Unions are planning more strikes over pensions, but the public, who fund the generous packages, have had enough

On the eve of last week’s strikes by teachers and other disgruntled public-sector workers, Labour party figures gathered at the £45m new headquarters of Unison, Britain’s largest public-sector union. Dave Prentis, Unison’s £142,000-a-year general secretary, played charming host to Ed Miliband, Ed Balls and more than 100 donors and would-be-donors from the City.

“Prentis was going out of his way to tell us all that Unison was not involved in the next day’s strike action,” said one Labour donor. “And when the PCS [Public and Commercial Services Union] came up in conversation, you got the firm impression he was not a fan of the strike strategy.”
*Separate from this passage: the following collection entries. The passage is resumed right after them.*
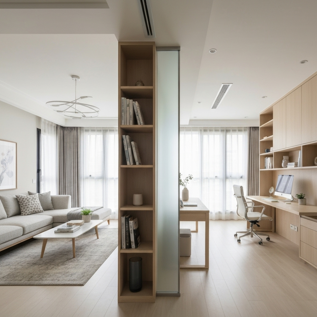 💡 Ví dụ: Một kệ gỗ chia giữa phòng khách và bàn làm việc vừa đủ phân khu, vừa làm điểm nhấn nội thất đẹp mắt.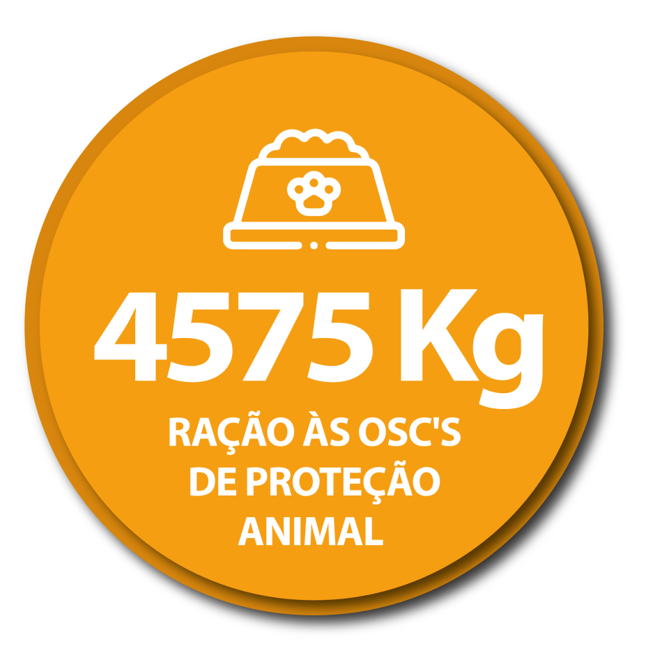 Foram doados 4.575 Kg de ração às Organizações da Sociedade Civil de Proteção Animal em Jacareí durante o período de 2021-2023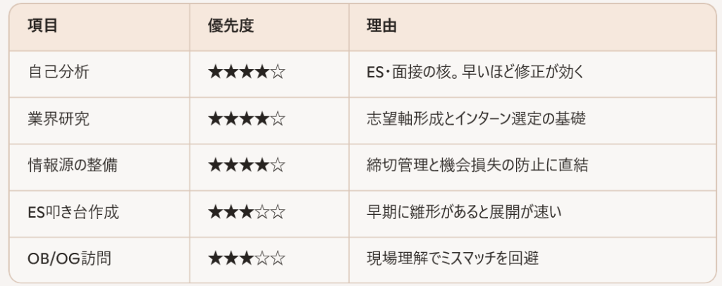 自己分析と業界研究を最優先に、情報源とESの叩き台を用意して「応募→振り返り→改善」を回しましょう。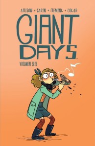 Sí decíamos que la clave de Giant Days está en la frescura, no podemos obviar el sensacional trabajo que hace Sarin en ese sentido. No importa cuántas veces hayamos visto a nuestras protagonistas mostrando las mismas emociones, siempre parece que es la primera. Da igual lo seria o lo alocada que se ponga cada situación, Sarin encuentra la manera de que sintamos lo que está sucediendo y lo que implica casi sin necesidad de leer los diálogos. Su caricatura es tan expresiva que casi se siente el movimiento de los actores, casi como si esto fuera el storyboard más perfecto posible de una serie de dibujos animados que por ahora no existe. Hasta lo más absurdo tiene un encaje de lo más natural y eso, se mire como se mire, es muy complicado de conseguir. Pero Giant Days no para de llegar a ese punto y de sorprender con cada número, con cada aventura, con los cambios que se van produciendo en la vida de nuestras chicas. Giant Days es un triunfo continuo, es una serie alocadamente divertida que sabe combar los límites de la realidad más cotidiana para que los hechos más rocambolescos tengan una equivalencia en nuestras vidas con la que nos podamos sentir identificados. Y sin embargo, así es. Larga vida a Giant Days, que no falla en su objetivo de darnos historias buenas y divertidas en cada cita.
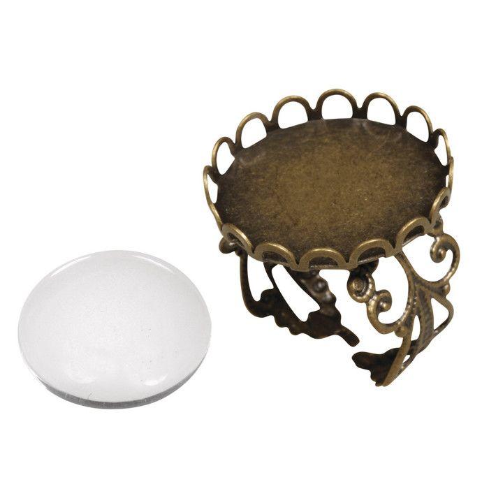 Chaton métal, Bague av. Bord déco,2cm, avec cabochon, 1set, or ancien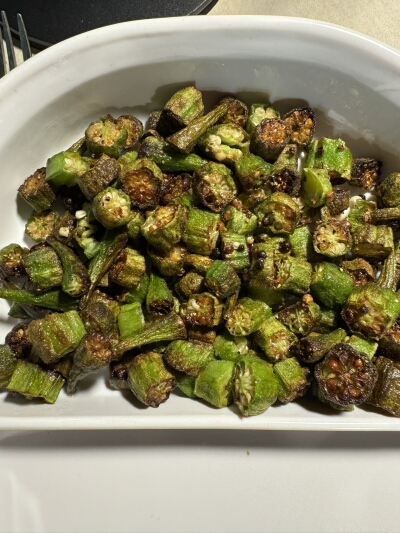There is no fancy recipe for frying this okra! Use however much okra you want to, and cook in the appropriate sized pan. Slice the okra, then put in pan with oil. You can use your oil of choice. I use olive oil for almost everything, but vegetable, canola or avocado oil will do. You can also fry in lard, if you desire. Cook and stir the okra over medium-high heat until it becomes tender and starts to char. Stir frequently to avoid burning. I always put salt and pepper on the okra after it is cooked, but you can also put it on while it is cooking, if you desire. I have never put vinegar on the okra, which is supposed to minimize the slime. I have never had a slime problem with the okra cooked this way. Enjoy! |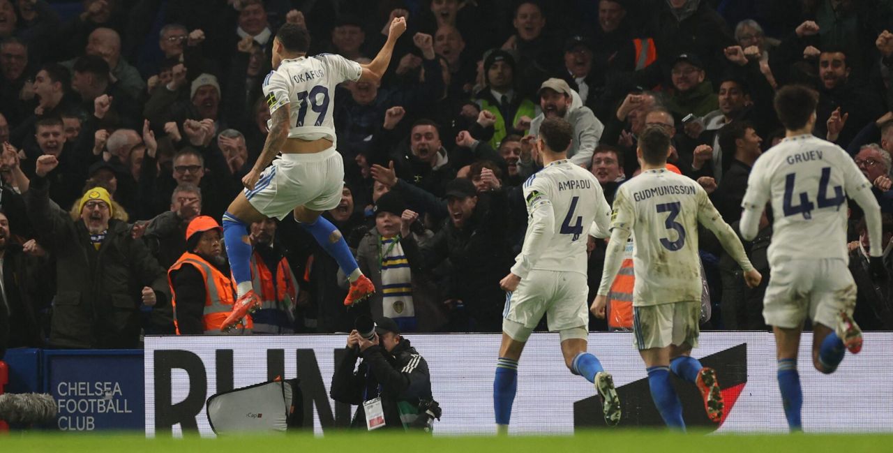 Selebrasi Noah Okafor usai samakan kedudukan Leeds lawan Chelsea (2-2) dalam laga Premier League 2025/2026 matchday ke-26, Rabu 11 Februari 2026--Getty Images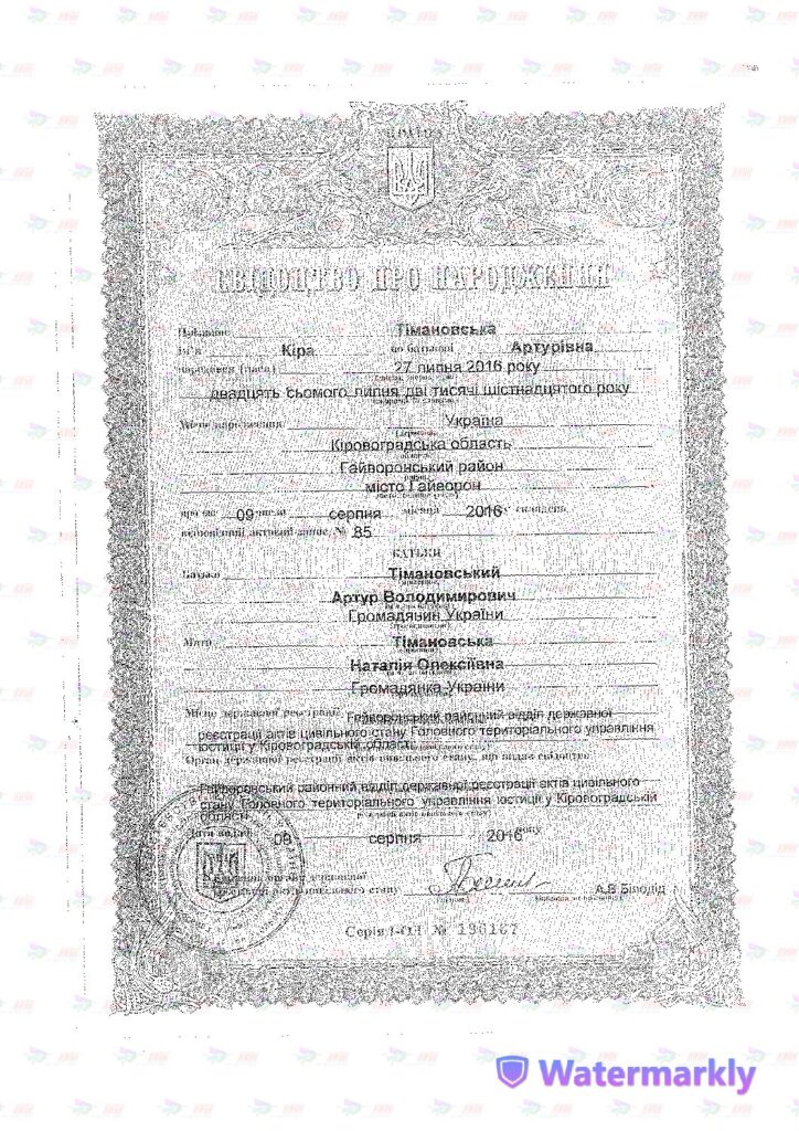 Повне ім’я: Тімановська Кіра Артурівна, 27.07.2016 р.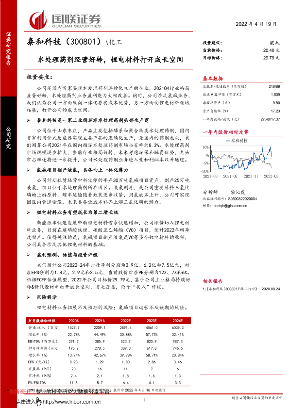 【国联证券】【20220419】泰和科技-300801-水处理药剂经营好转,锂电材料打开成长空间-27页

Prentis, however, is not necessarily the mild-mannered moderate he made himself out to be. Speaking to The Sunday Times last month, the leader of 1.3m NHS and town hall workers had been unequivocal that Unison was simply biding its time before joining other more militant unions in industrial action against the government’s plans for reform.

Prentis had said he supported unions intent on strikes and had added: “They have got their timescale to industrial action, we have got our road to industrial action, and eventually they will come together. We are absolutely adamant that unless there are acceptable agreements on pensions we will move to take industrial action.”

He is not alone in quietly planning confrontation over the coalition’s plans to curb the enormous cost of public-sector pensions.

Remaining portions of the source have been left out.